- Opening Delimiter -

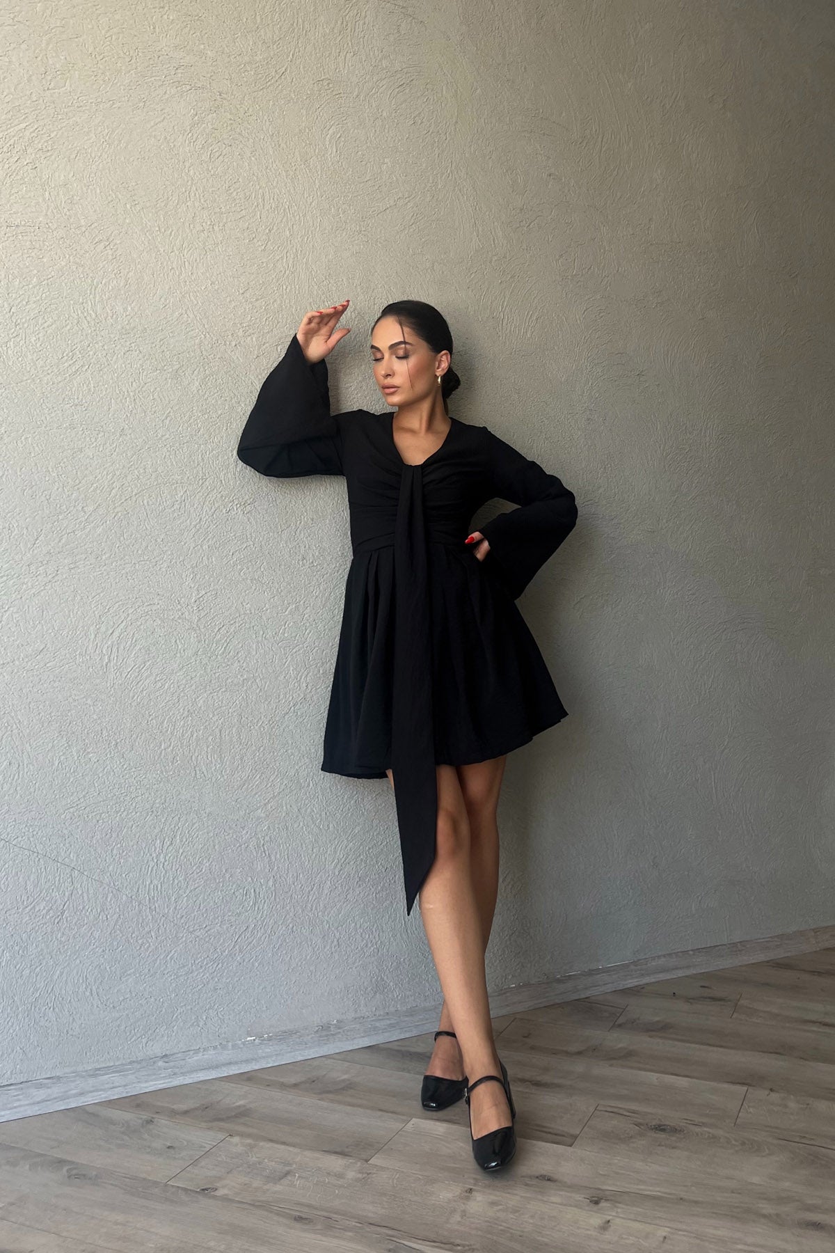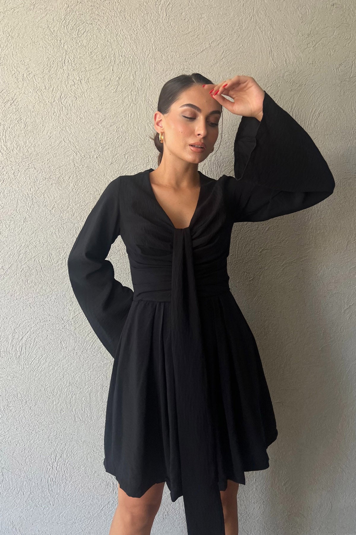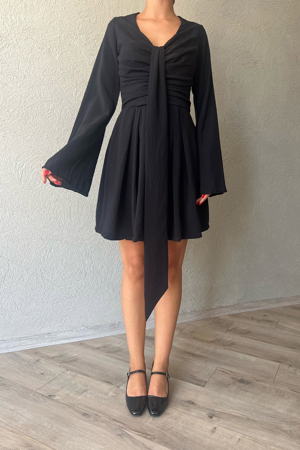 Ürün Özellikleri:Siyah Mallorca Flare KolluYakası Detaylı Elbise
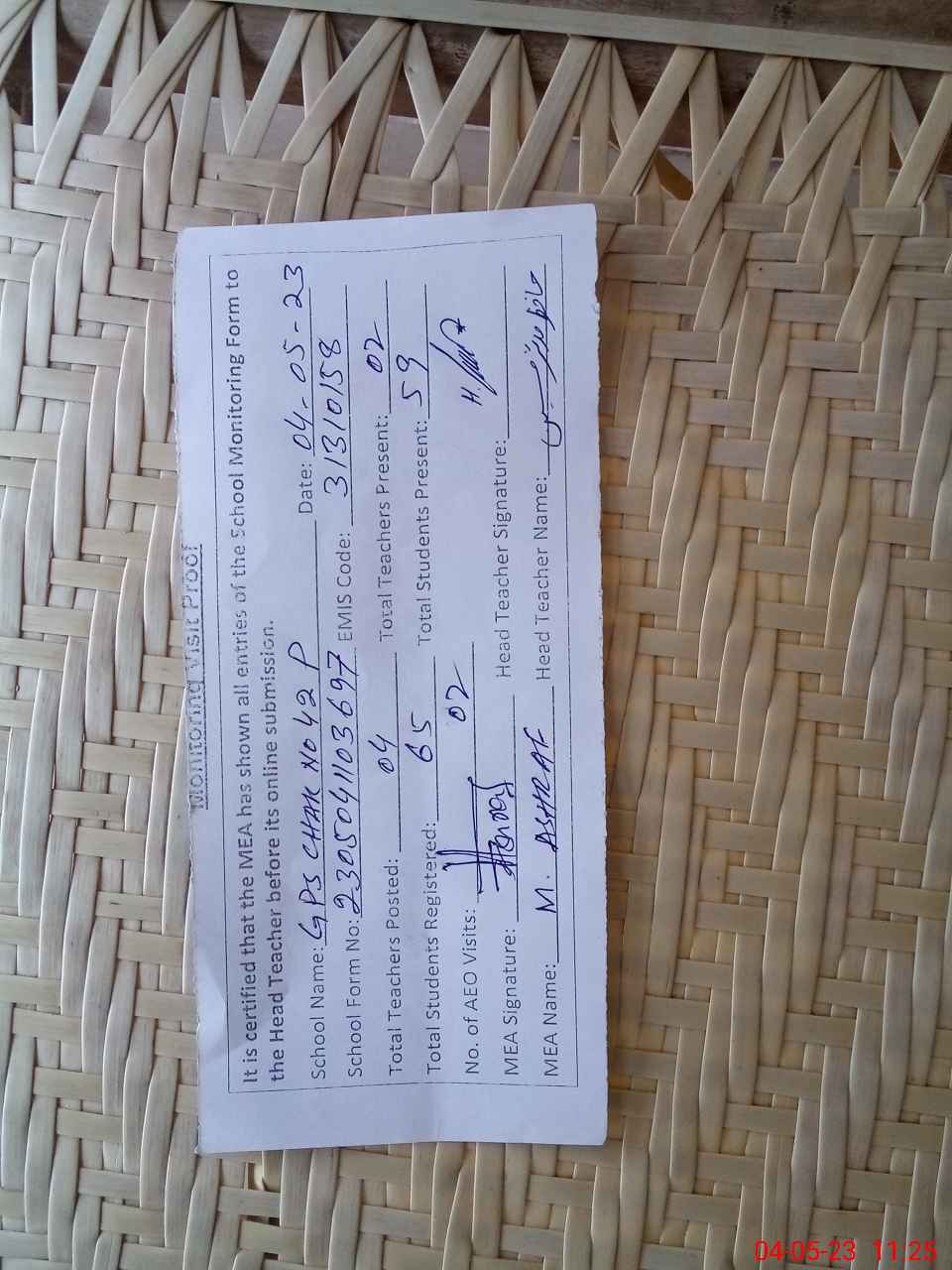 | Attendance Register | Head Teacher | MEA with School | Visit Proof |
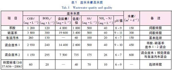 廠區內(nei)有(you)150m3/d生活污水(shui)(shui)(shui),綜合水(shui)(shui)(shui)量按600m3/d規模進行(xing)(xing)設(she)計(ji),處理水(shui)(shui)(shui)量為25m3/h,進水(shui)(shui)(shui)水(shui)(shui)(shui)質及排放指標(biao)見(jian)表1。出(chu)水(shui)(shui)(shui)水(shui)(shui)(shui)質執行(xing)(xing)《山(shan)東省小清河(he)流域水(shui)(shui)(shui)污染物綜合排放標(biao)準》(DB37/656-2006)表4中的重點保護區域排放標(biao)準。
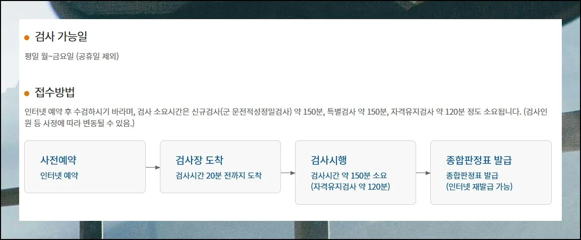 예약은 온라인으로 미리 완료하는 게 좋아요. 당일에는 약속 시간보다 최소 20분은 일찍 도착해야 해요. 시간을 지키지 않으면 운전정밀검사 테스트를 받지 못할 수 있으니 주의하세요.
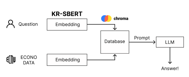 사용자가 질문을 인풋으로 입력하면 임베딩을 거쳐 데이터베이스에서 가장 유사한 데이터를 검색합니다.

- Closing Delimiter -

Aim of the exercise:
Once the pictures are set aside, repeat the data above exactly.

Task result:
 Ürün Özellikleri:Siyah Mallorca Flare KolluYakası Detaylı Elbise
 | Attendance Register | Head Teacher | MEA with School | Visit Proof |
 廠區內(nei)有(you)150m3/d生活污水(shui)(shui)(shui),綜合水(shui)(shui)(shui)量按600m3/d規模進行(xing)(xing)設(she)計(ji),處理水(shui)(shui)(shui)量為25m3/h,進水(shui)(shui)(shui)水(shui)(shui)(shui)質及排放指標(biao)見(jian)表1。出(chu)水(shui)(shui)(shui)水(shui)(shui)(shui)質執行(xing)(xing)《山(shan)東省小清河(he)流域水(shui)(shui)(shui)污染物綜合排放標(biao)準》(DB37/656-2006)表4中的重點保護區域排放標(biao)準。
 예약은 온라인으로 미리 완료하는 게 좋아요. 당일에는 약속 시간보다 최소 20분은 일찍 도착해야 해요. 시간을 지키지 않으면 운전정밀검사 테스트를 받지 못할 수 있으니 주의하세요.
 사용자가 질문을 인풋으로 입력하면 임베딩을 거쳐 데이터베이스에서 가장 유사한 데이터를 검색합니다.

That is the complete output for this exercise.